• SUPPLIED DATA
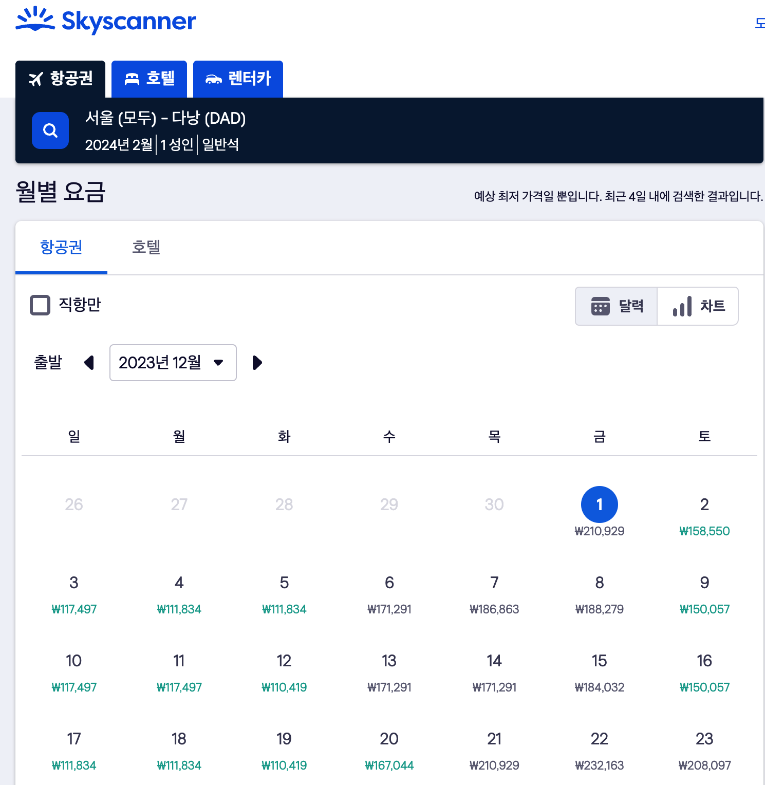 유연한 날짜선택이 가능하다면 항공권을 저렴하게 구매할 수 있는 좋은 기회입니다. 주말보다는 화, 수요일출발하는 항공권이 저렴하게 구매할 수 있습니다.
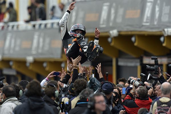 對手Espargaro雖然以高達16秒之差的獨走成績漂亮獲勝,卻還是無法終止Marquez的奪冠之路,對Espargaro等人來說,明年或許是個能夠伸展的新賽季。
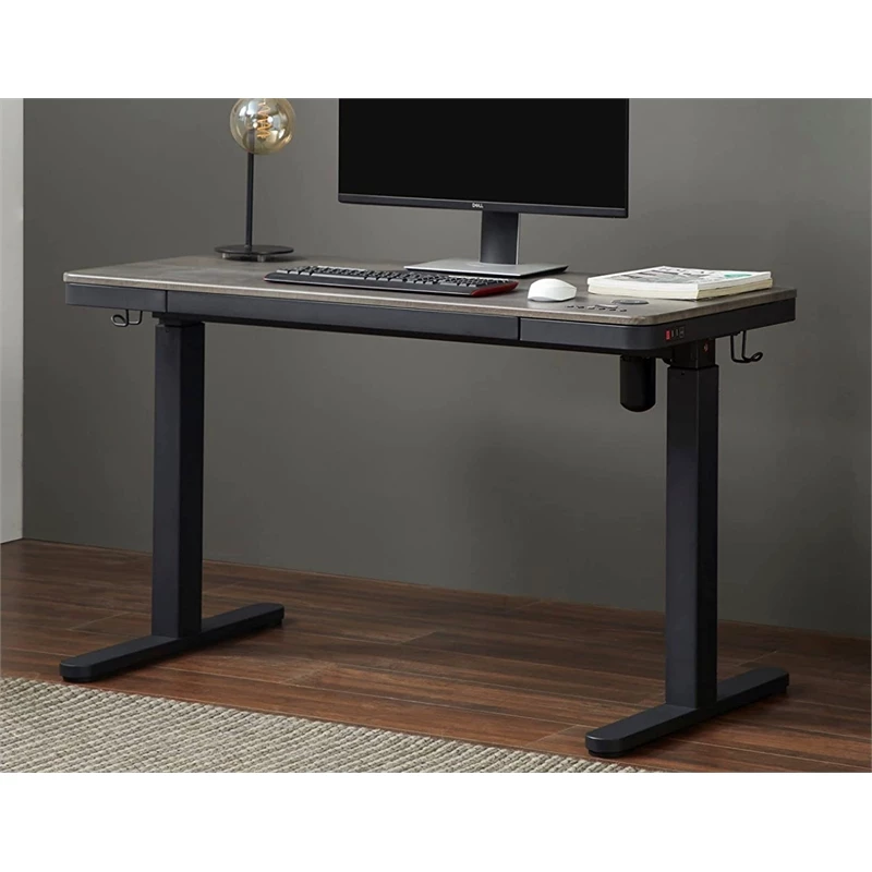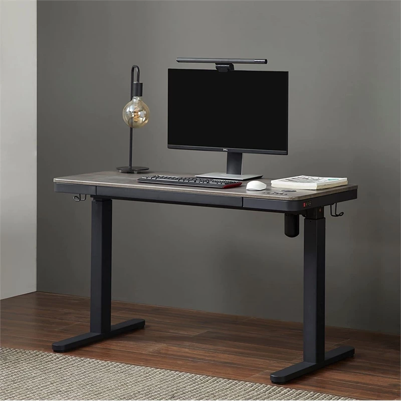 Working can be hard on your back when you are sitting at a desk for 8 hours a day. Update your workspace and break up those long periods of sitting with this innovative, electronic standing desk. Easily transition from sitting to standing with just a light touch on the LED control panel integrated into the desktop. The height may be adjusted to anywhere between 28 to 48″ via a smooth-operating electronic motor. Freely adjust the height anywhere in that range and then save your favorite height preferences with the three programmable height settings that remember your ideal sitting and standing positions. To avoid accidentally adjusting the height, simply lock and unlock the touch controls by pressing the lock button located on the side of the desk. The side of the desk also includes two built-in USB power ports to simultaneously power up your devices at once at full speed. Enjoy all these benefits in a sleek, modern style with the standing desk’s slimline design that features a wooden desktop as well as a full extension drawer with build-in organizer for supplies.
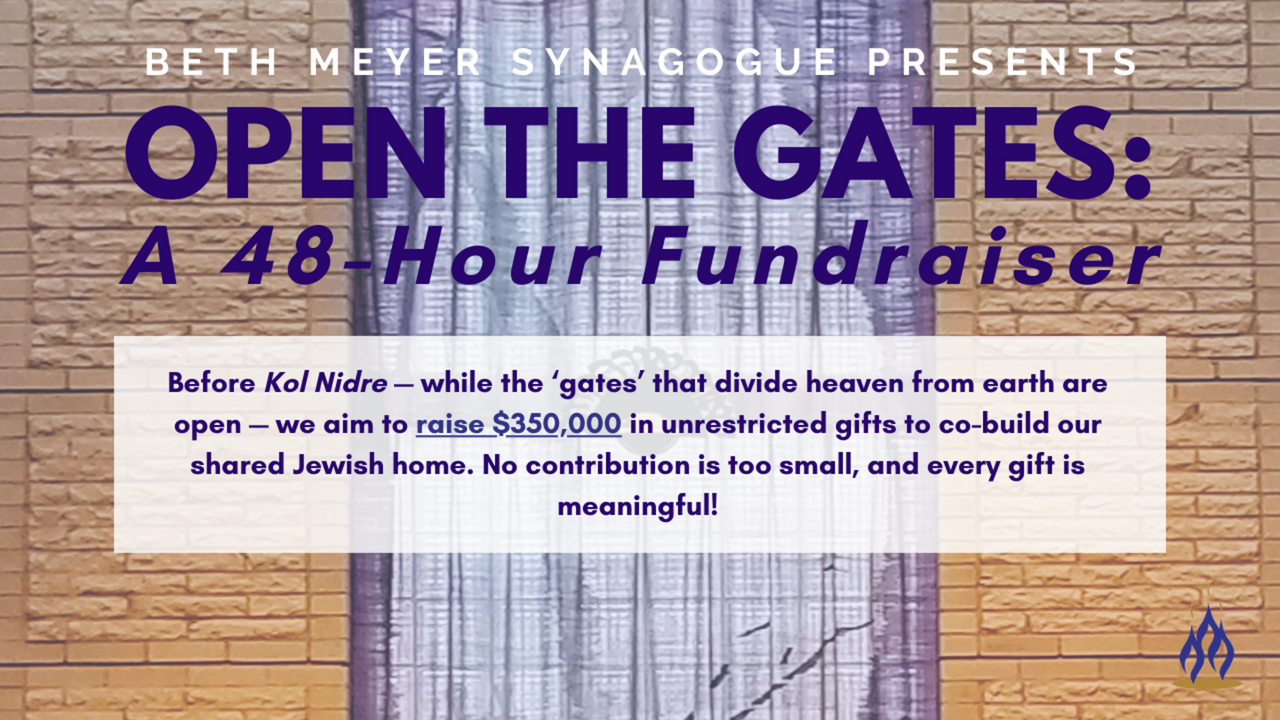 Open the Gates is an annual appeal to the members and friends of Beth Meyer Synagogue in Raleigh, N.C. to jumpstart the Jewish New Year with charitable giving before Kol Nidre ― while the celestial "gates" that divide heaven from earth are still open.
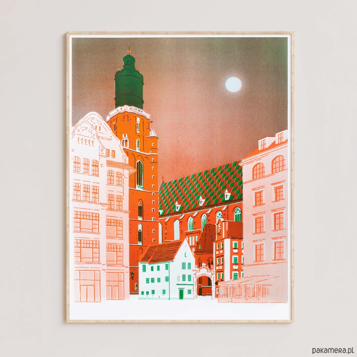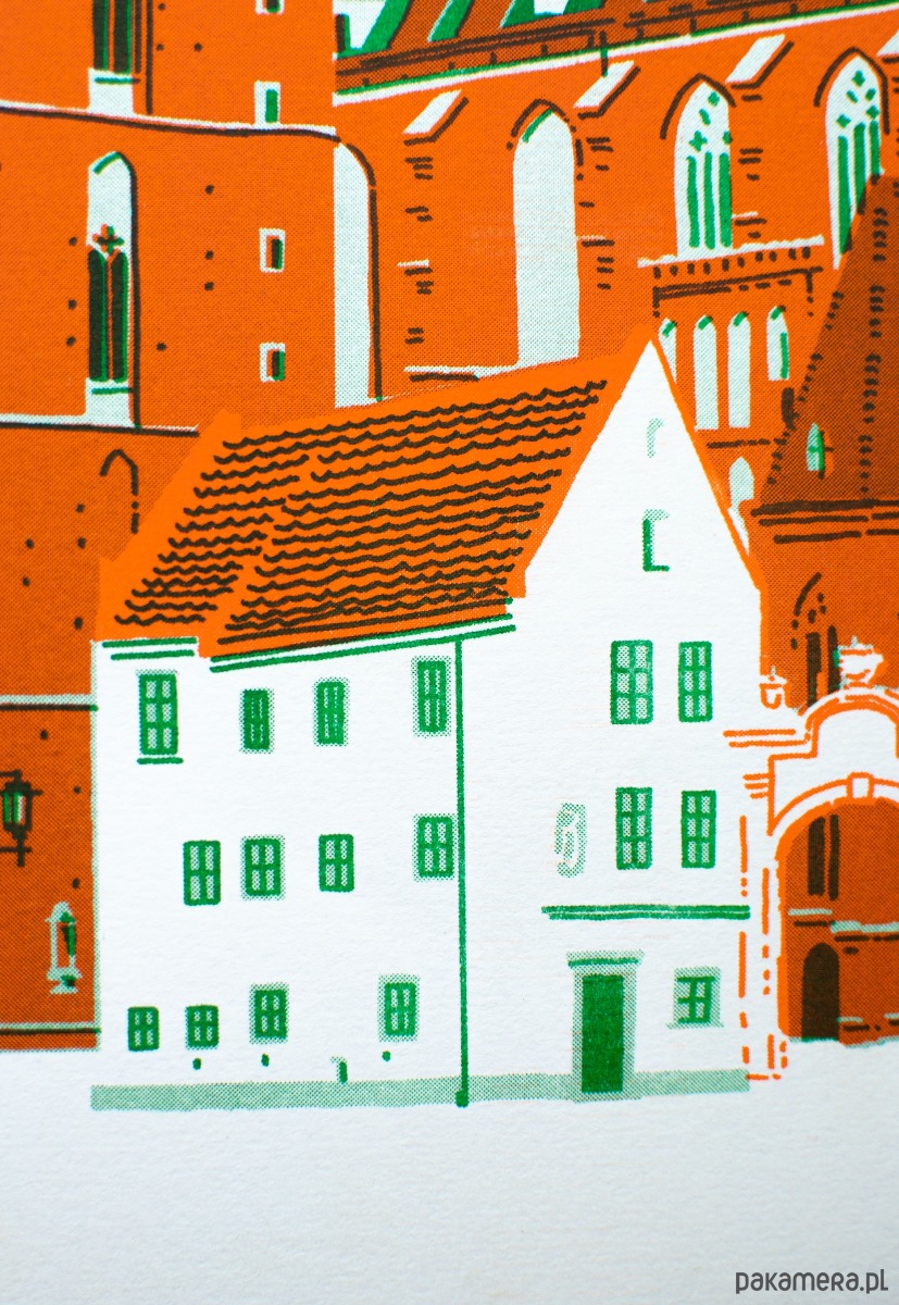 Pierwszy raz rysowałam ten widok na plenerze 11 lat temu. Dzisiaj wracam w to miejsce w grafice drukowanej w dwóch kolorach. Nie łatwo było oddać przestrzenność tego miejsca w tak ograniczonej technice, ale bez wyzwania nie ma funu. Chyba się udało.

• EXERCISE REQUIREMENTS
All lines from the beginning of the material above through the line holding "Working can be" are to be given again exactly, and no others; pictures do not go in.

• SOLUTION FOR THIS TASK
 유연한 날짜선택이 가능하다면 항공권을 저렴하게 구매할 수 있는 좋은 기회입니다. 주말보다는 화, 수요일출발하는 항공권이 저렴하게 구매할 수 있습니다.
 對手Espargaro雖然以高達16秒之差的獨走成績漂亮獲勝,卻還是無法終止Marquez的奪冠之路,對Espargaro等人來說,明年或許是個能夠伸展的新賽季。
 Working can be hard on your back when you are sitting at a desk for 8 hours a day. Update your workspace and break up those long periods of sitting with this innovative, electronic standing desk. Easily transition from sitting to standing with just a light touch on the LED control panel integrated into the desktop. The height may be adjusted to anywhere between 28 to 48″ via a smooth-operating electronic motor. Freely adjust the height anywhere in that range and then save your favorite height preferences with the three programmable height settings that remember your ideal sitting and standing positions. To avoid accidentally adjusting the height, simply lock and unlock the touch controls by pressing the lock button located on the side of the desk. The side of the desk also includes two built-in USB power ports to simultaneously power up your devices at once at full speed. Enjoy all these benefits in a sleek, modern style with the standing desk’s slimline design that features a wooden desktop as well as a full extension drawer with build-in organizer for supplies.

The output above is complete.